◆ **Data provided**
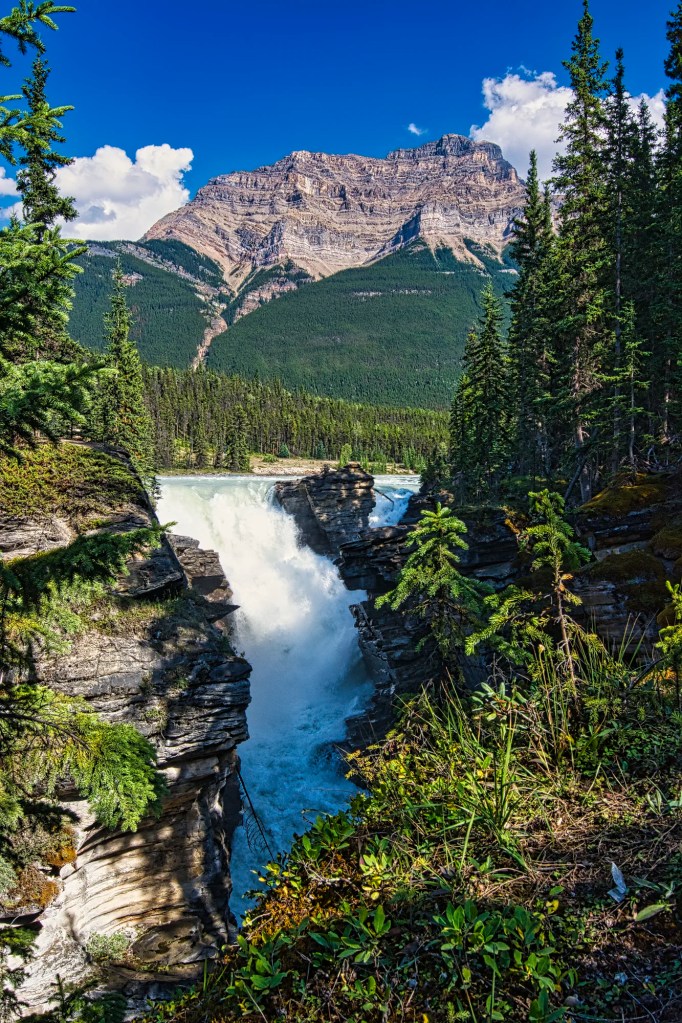 Athabasca Falls is one of the more dramatic waterfalls in the Rockies. You can feel the power of the water being forced through a narrow gap.
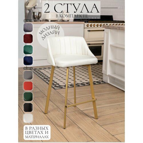 Купить Полубарный стул Velex комплект 2шт, цвет молочный кожзам, основание золотистое, высота 64 см с доставкой по всей России.
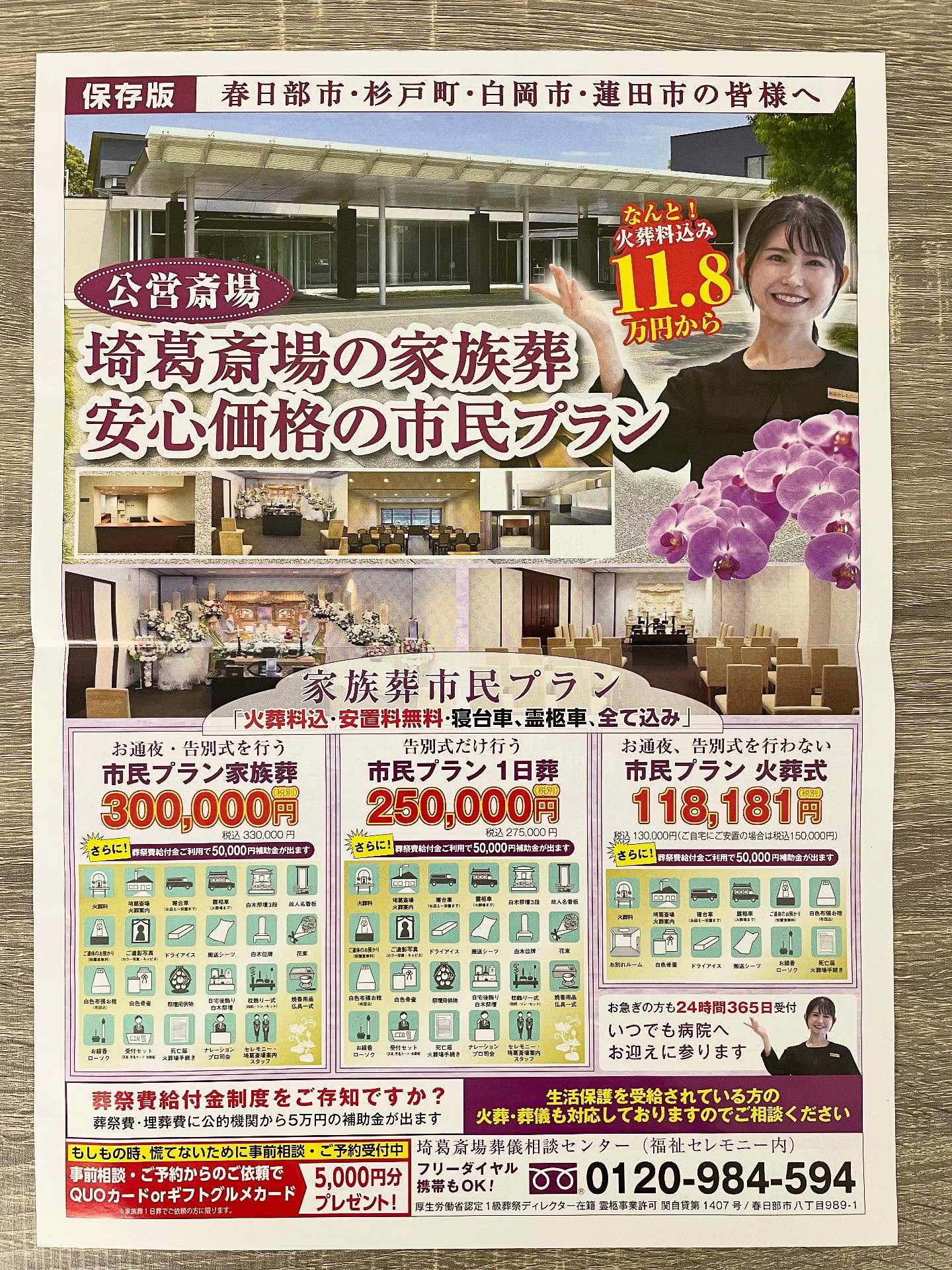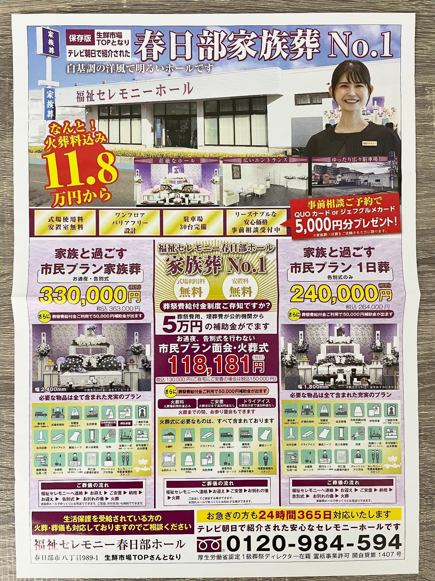 東武スカイツリーライン春日部駅東口近くの福祉セレモニー春日部ホールは、春日部市、杉戸町、蓮田市、白岡市、宮代町、越谷市、さいたま市など、埼玉県で葬儀、家族葬、一日葬、火葬式を行なう葬祭セレモニーホールです。搬送からご安置まで自社施設ですべての施行を行ない、家族葬を主に得意としております。搬送やご安置だけでも承ります。安置料が無料ですのでご安置後ゆっくりとご検討いただけます。専任の葬祭ディレクターがご家族によりそい、心のこもったご葬儀をご提案させていただきます。
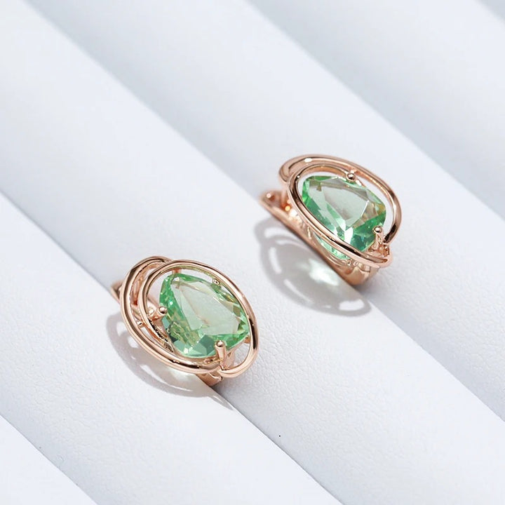 • Fiecare cercel include un cristal de topaz verde tăiat în formă ovală, montat într-o ramă exterioară din aur roz. Strălucirea subtilă a aurului roz completează perfect nuanțele de verde ale topazului, creând un contrast armonios și atrăgător.
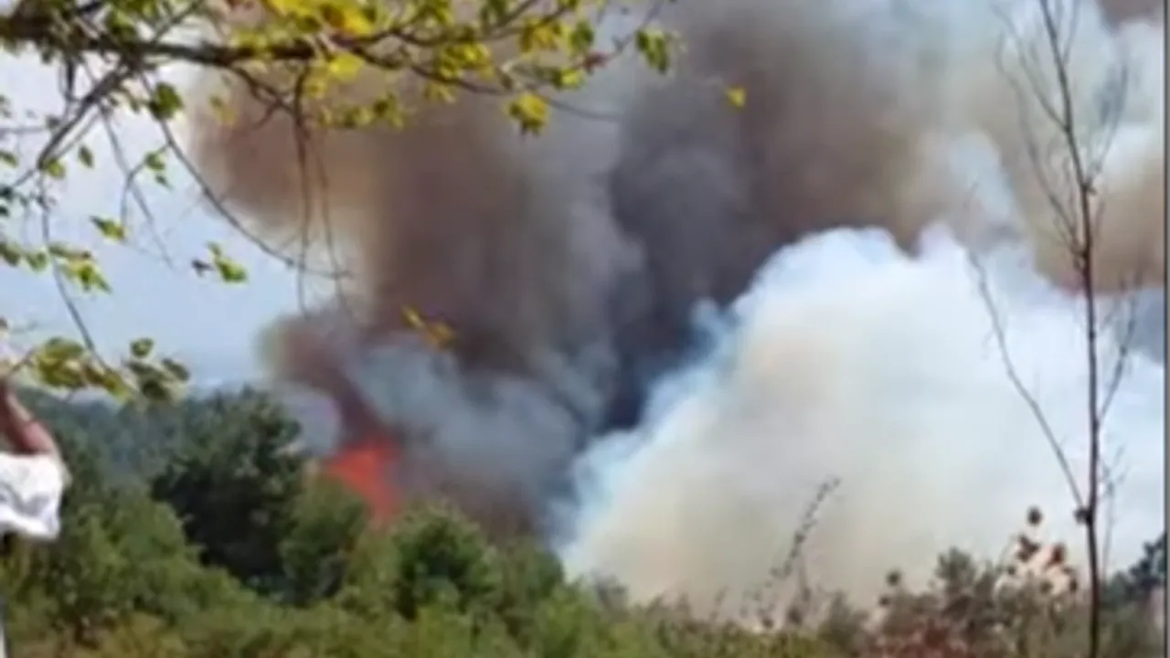 Orman Bölge Müdürlüğü ve itfaiye ekipleri, arazöz ve itfaiye araçlarıyla karadan müdahale ederken, iki helikopterle havadan destek sağlanıyor.
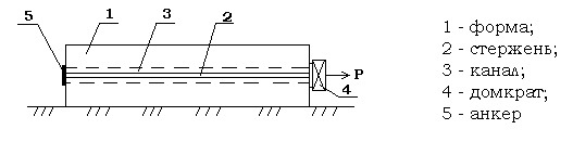 1 – натяжение на упоры; применяется, в основном, в конструкциях малых и средних пролётов;
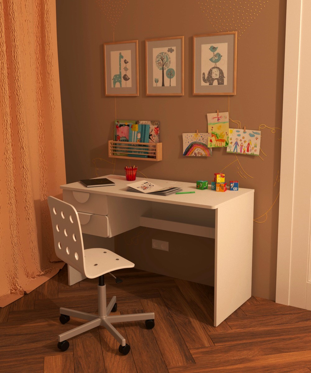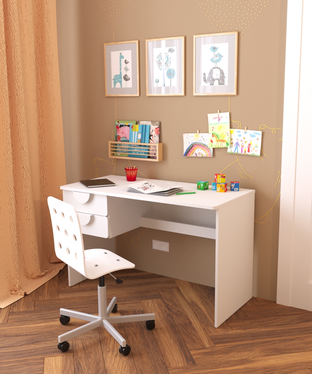Стол из коллекции Пикси — идеальный спутник для детской комнаты! Cоздан с заботой о комфорте и безопасности, он сочетает в себе стиль, функциональность и современные технологии: Покраска по технологии «Пигмент» — стойкое и яркое покрытие, нанесённое на УФ-линиях, безопасное для детей и устойчивое к царапинам. Два вместительных ящика с доводчиками и направляющими скрытого монтажа — никаких лишних деталей, только плавность и тишина. Отверстие для проводов сверху и кабель-канал снизу — чтобы провода не мешались под ногами и всё было аккуратно. Минимализм, продуманный до мелочей — чтобы ребёнку было удобно учиться, играть и твор
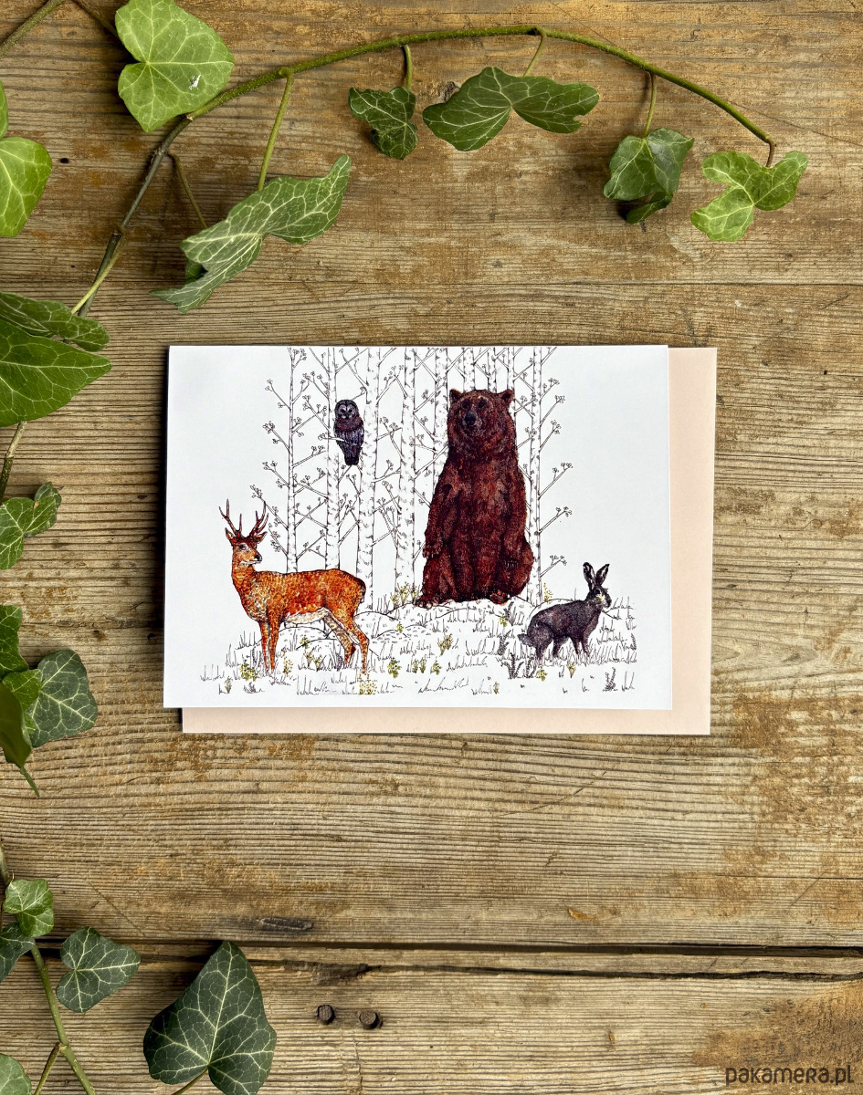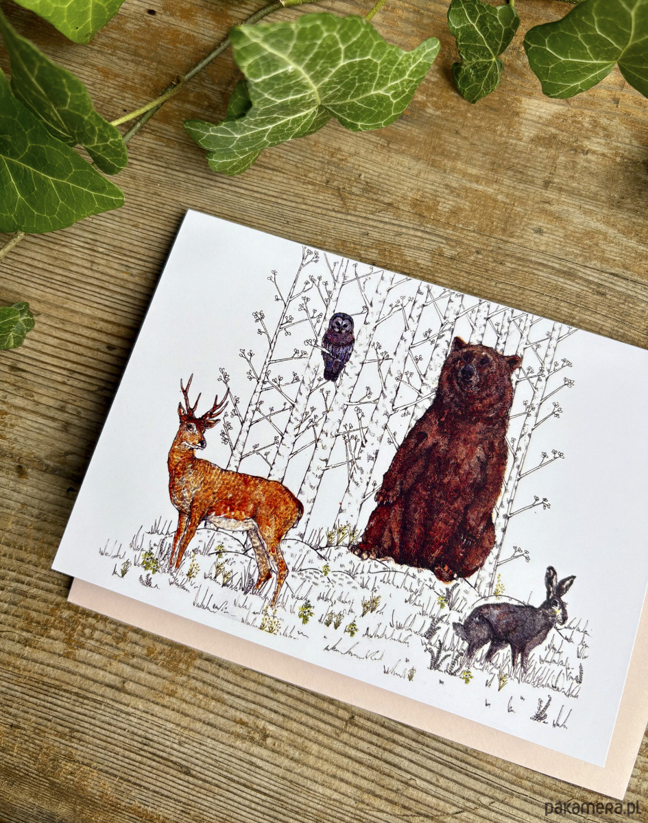 Zwierzaki leśne- Kartka- Grafika- Ilustracja- In woods
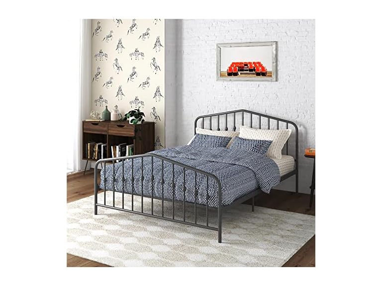 - (1) Novogratz Bushwick Metal Bed with Headboard and Footboard | Modern Design | Queen Size - Grey

◆ **What you will do**
Print the data above from its first line through the line that has "Zwierzaki leśne- Kartka- Grafika- Ilustracja- In", exactly and with nothing else, omitting pictures.

◆ **Task solution**
 Athabasca Falls is one of the more dramatic waterfalls in the Rockies. You can feel the power of the water being forced through a narrow gap.
 Купить Полубарный стул Velex комплект 2шт, цвет молочный кожзам, основание золотистое, высота 64 см с доставкой по всей России.
 東武スカイツリーライン春日部駅東口近くの福祉セレモニー春日部ホールは、春日部市、杉戸町、蓮田市、白岡市、宮代町、越谷市、さいたま市など、埼玉県で葬儀、家族葬、一日葬、火葬式を行なう葬祭セレモニーホールです。搬送からご安置まで自社施設ですべての施行を行ない、家族葬を主に得意としております。搬送やご安置だけでも承ります。安置料が無料ですのでご安置後ゆっくりとご検討いただけます。専任の葬祭ディレクターがご家族によりそい、心のこもったご葬儀をご提案させていただきます。
 • Fiecare cercel include un cristal de topaz verde tăiat în formă ovală, montat într-o ramă exterioară din aur roz. Strălucirea subtilă a aurului roz completează perfect nuanțele de verde ale topazului, creând un contrast armonios și atrăgător.
 Orman Bölge Müdürlüğü ve itfaiye ekipleri, arazöz ve itfaiye araçlarıyla karadan müdahale ederken, iki helikopterle havadan destek sağlanıyor.
 1 – натяжение на упоры; применяется, в основном, в конструкциях малых и средних пролётов;
Стол из коллекции Пикси — идеальный спутник для детской комнаты! Cоздан с заботой о комфорте и безопасности, он сочетает в себе стиль, функциональность и современные технологии: Покраска по технологии «Пигмент» — стойкое и яркое покрытие, нанесённое на УФ-линиях, безопасное для детей и устойчивое к царапинам. Два вместительных ящика с доводчиками и направляющими скрытого монтажа — никаких лишних деталей, только плавность и тишина. Отверстие для проводов сверху и кабель-канал снизу — чтобы провода не мешались под ногами и всё было аккуратно. Минимализм, продуманный до мелочей — чтобы ребёнку было удобно учиться, играть и твор
 Zwierzaki leśne- Kartka- Grafika- Ilustracja- In woods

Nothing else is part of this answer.